これまでホーネットは数々の任務をこなしてきた。メキシコでは麻薬カルテルを仕切るエル・サグアロを狙い、部下・ウルフの結婚式にパティシエの格好で潜入し、ウェディングケーキに毒を混入。日本では看護師に化け、手術中の名医を殺したこともある。今回は人気マスコット・モモもんの着ぐるみに入ると、標的を護送中のタンジェリン&レモンが目を離した隙を狙い、いともたやすく蛇の毒を注射した。ところが、報酬の入ったブリーフケースが見当たらない。

モモもんの姿でケースを探していたホーネットは、レディバグがケースを持ち歩いているのを発見。強奪に失敗すると、今度は車内のパーサーを襲撃し、制服姿でレディバグの前に立ちはだかった。しかし、ホーネットはレディバグの甲に注射器を刺すも、すぐに刺し返されてしまう。あわてて抗体を取り出すと、それさえ奪われてしまった。残念ながら抗体を一本しか持っていなかったホーネットは、やがて全身から血を噴き出し、のたうち回りながら絶命する。
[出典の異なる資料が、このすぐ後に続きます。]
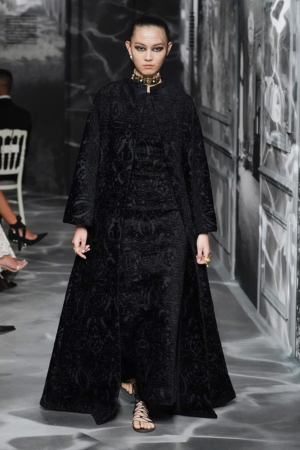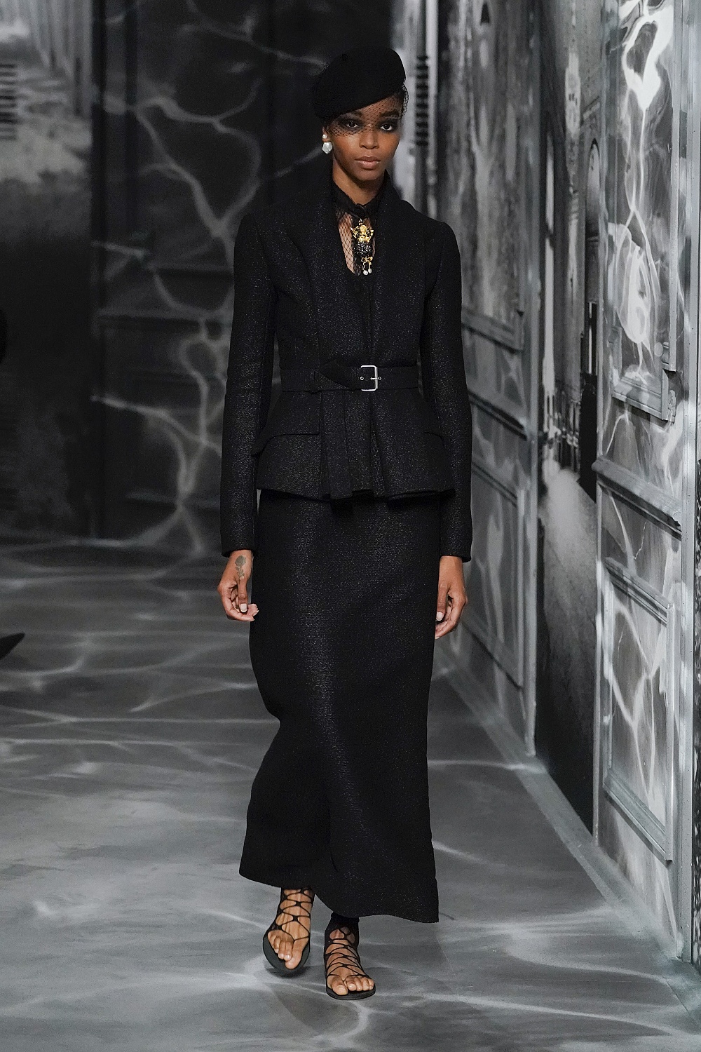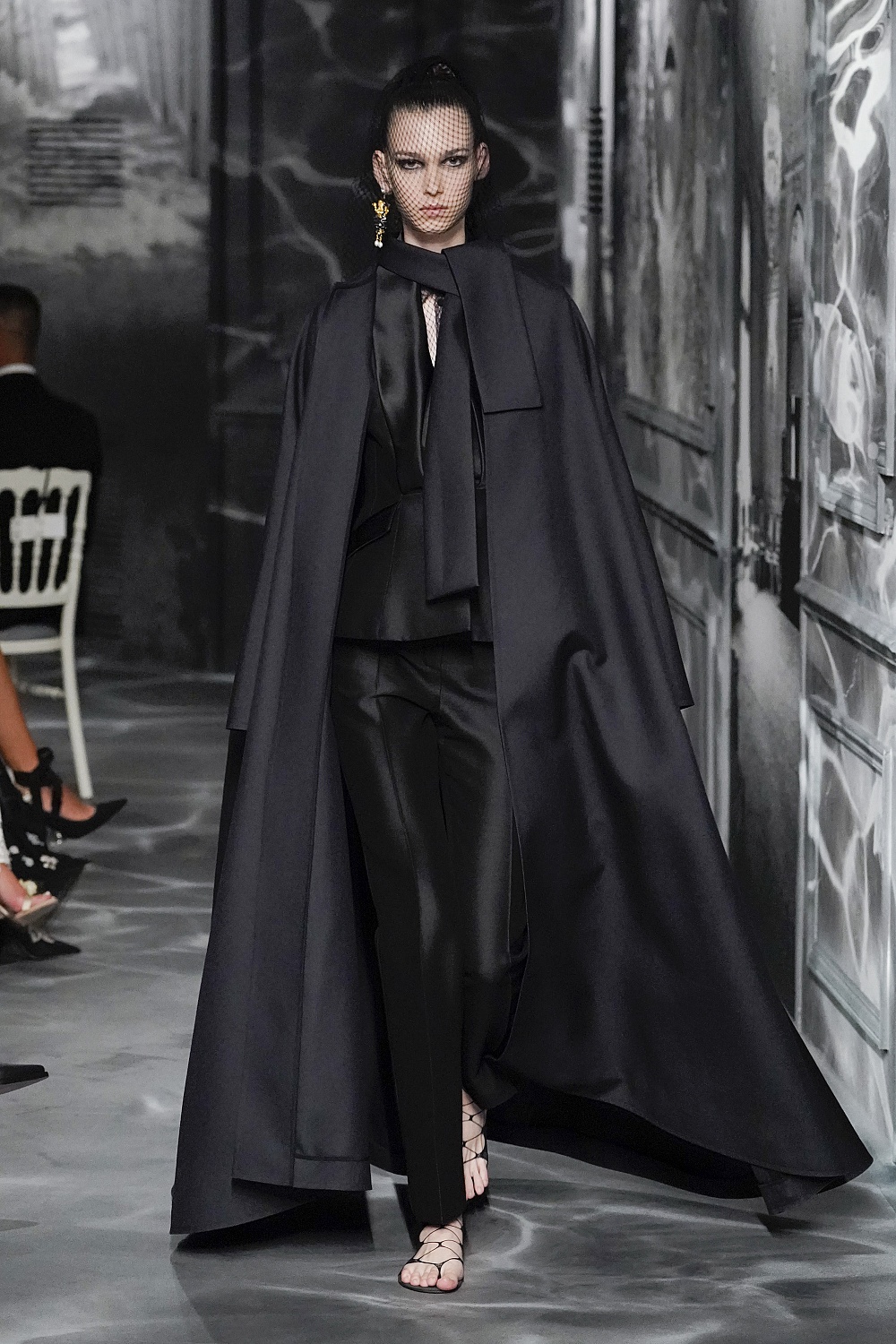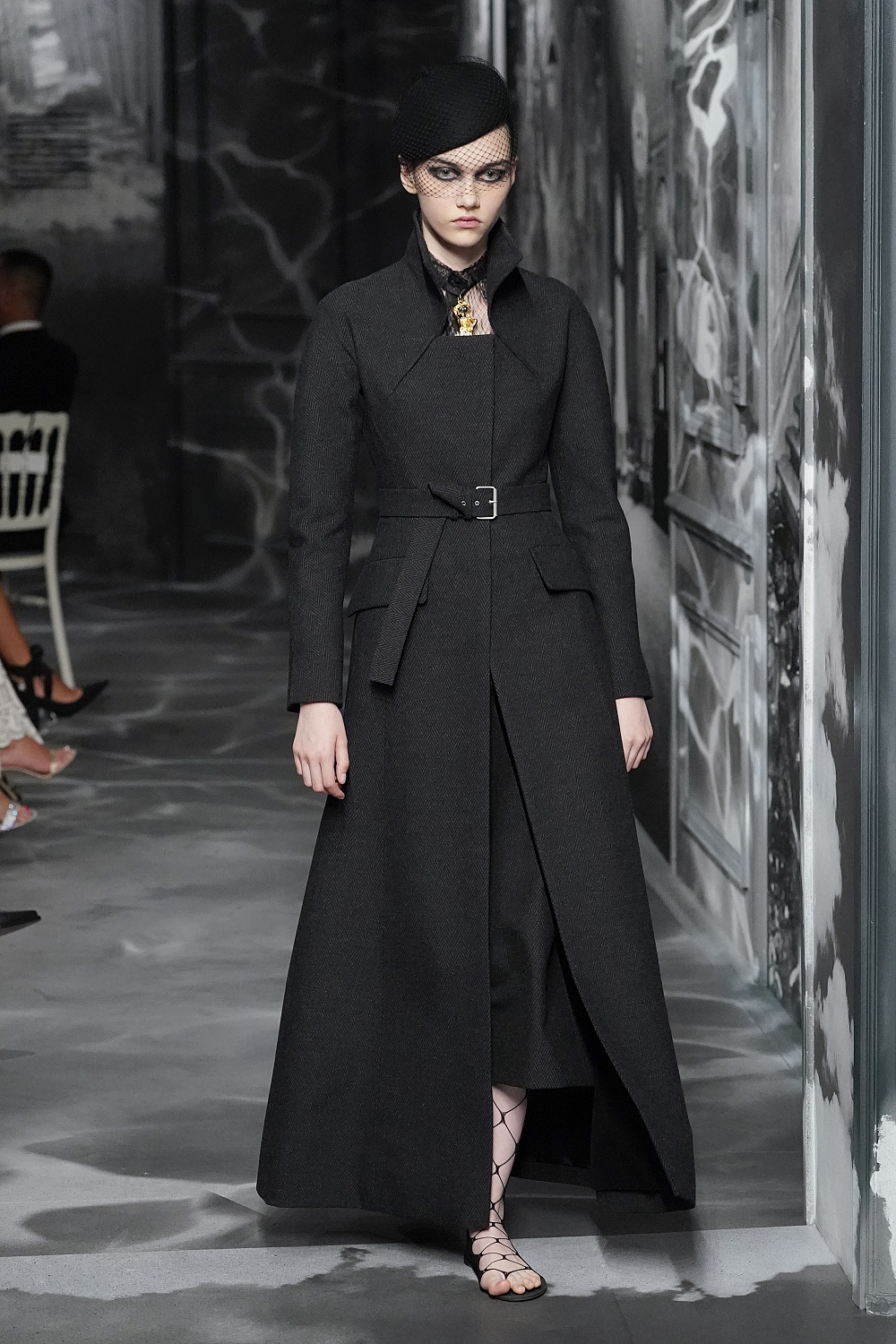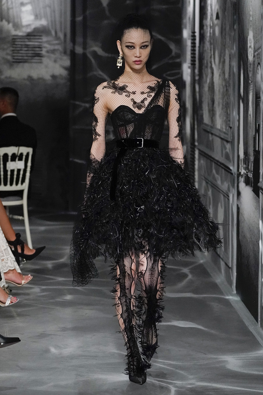 Бал традиционно правил черный цвет: модели ходили по подиуму в струящихся платьях в пол, костюмах сложного архитектурного кроя и жакетах-кольчугах. Яркими акцентами стали вуаль, гладиаторские сандалии, моносерьги и колготки-сетка. Одним из самых запоминающихся стало платье в форме самой штаб-квартиры дома Dior, которое закрывало показ.

日本の裏社会を掌握するホワイト・デスの息子として生まれながら、彼(サン)は決して優秀とは言えなかった。能力に長けず、警察の世話にもなる息子に対し、父親の態度は冷たい。息子を愛していた母親は、警察に捕まった彼を助けようと出かけた矢先にこの世を去った。

父親と敵対する組織・三合会に拉致された彼は、殺し屋のタンジェリン&レモンに救出され、京都行きのゆかり号に乗せられる。安心したのも束の間、今度はモモもんの着ぐるみに入っていたホーネットに毒を打ち込まれ、誰にも気づかれないうちに死亡した。